Problem description: Retype nothing but the lines from the start of the material up to and including the line with "Colourful seamless pattern". Pictures don't belong in the copy.

Data section:
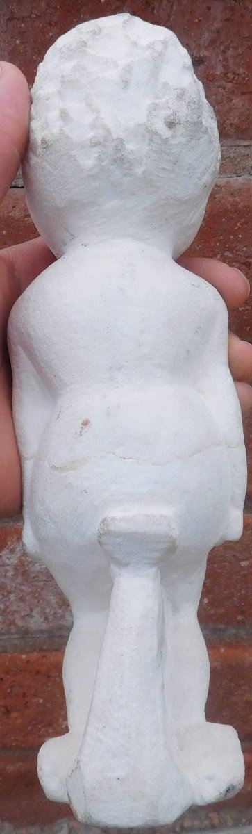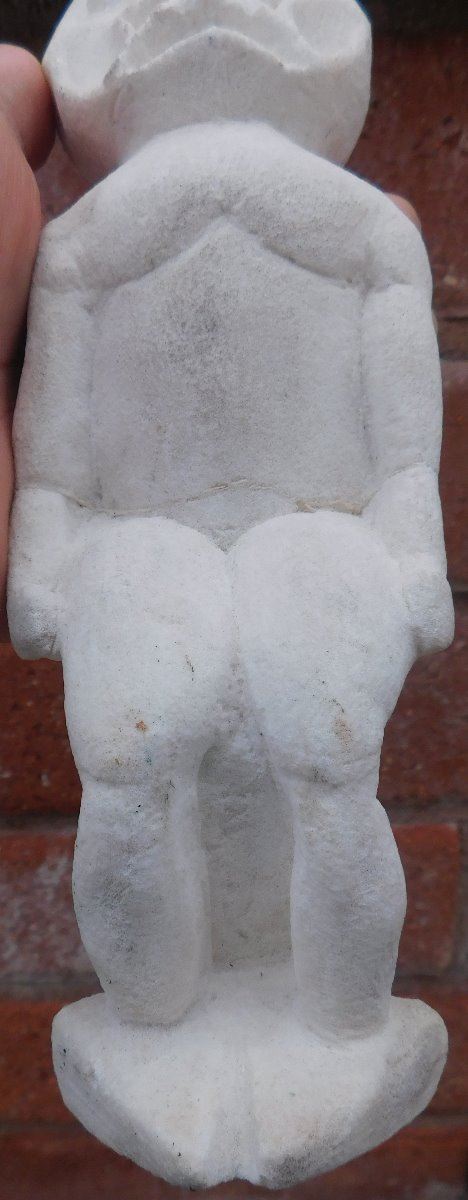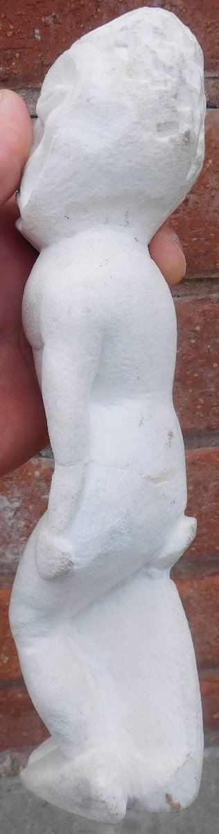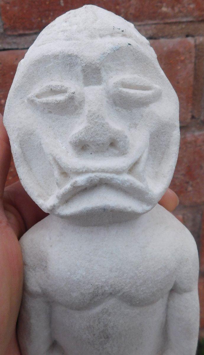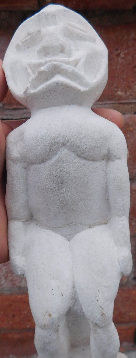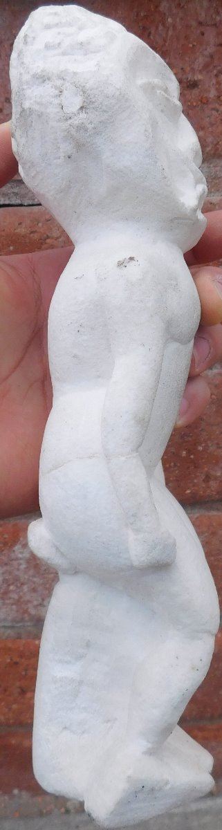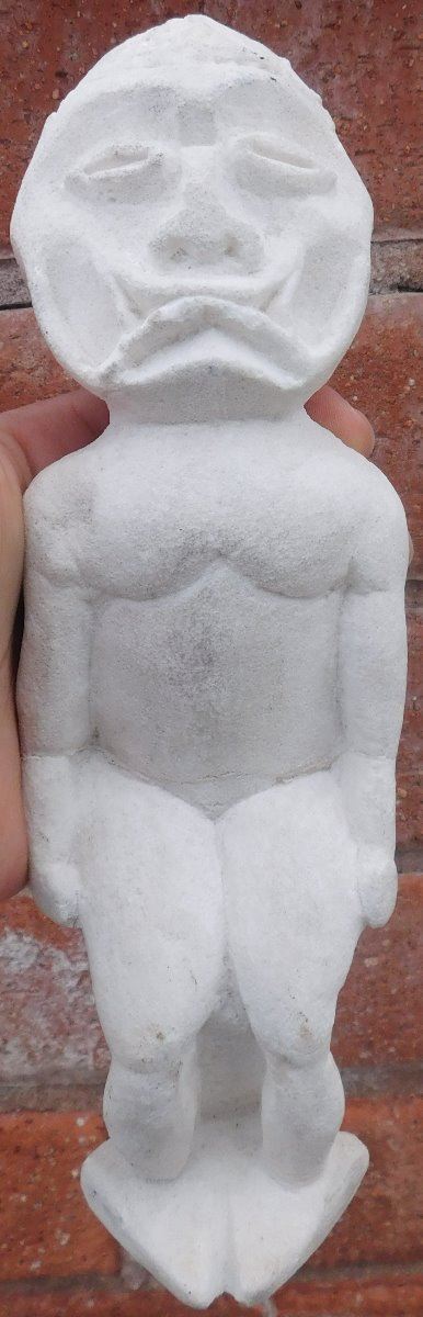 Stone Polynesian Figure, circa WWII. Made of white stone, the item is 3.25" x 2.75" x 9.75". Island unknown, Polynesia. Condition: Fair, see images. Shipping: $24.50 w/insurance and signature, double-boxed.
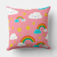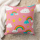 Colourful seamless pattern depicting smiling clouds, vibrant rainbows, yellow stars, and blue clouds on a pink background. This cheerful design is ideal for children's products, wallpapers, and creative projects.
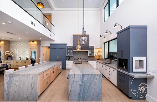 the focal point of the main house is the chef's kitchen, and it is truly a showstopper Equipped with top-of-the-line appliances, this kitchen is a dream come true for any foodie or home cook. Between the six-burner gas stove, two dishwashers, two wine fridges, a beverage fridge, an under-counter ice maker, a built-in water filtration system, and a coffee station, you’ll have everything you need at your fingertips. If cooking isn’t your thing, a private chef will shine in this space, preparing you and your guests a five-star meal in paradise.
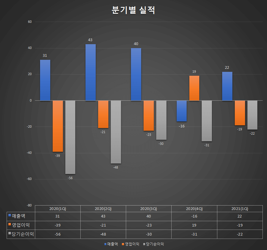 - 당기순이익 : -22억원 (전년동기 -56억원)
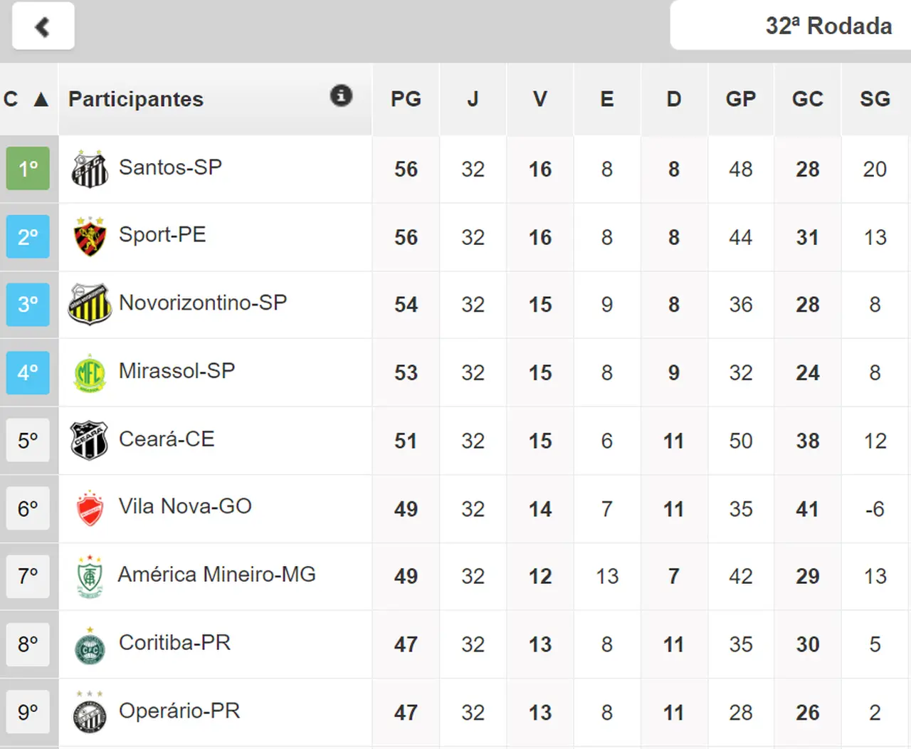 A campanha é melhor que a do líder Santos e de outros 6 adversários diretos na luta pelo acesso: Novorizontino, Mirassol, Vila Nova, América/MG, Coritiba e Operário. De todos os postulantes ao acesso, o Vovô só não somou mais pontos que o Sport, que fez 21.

Result for this exercise:
 Stone Polynesian Figure, circa WWII. Made of white stone, the item is 3.25" x 2.75" x 9.75". Island unknown, Polynesia. Condition: Fair, see images. Shipping: $24.50 w/insurance and signature, double-boxed.
 Colourful seamless pattern depicting smiling clouds, vibrant rainbows, yellow stars, and blue clouds on a pink background. This cheerful design is ideal for children's products, wallpapers, and creative projects.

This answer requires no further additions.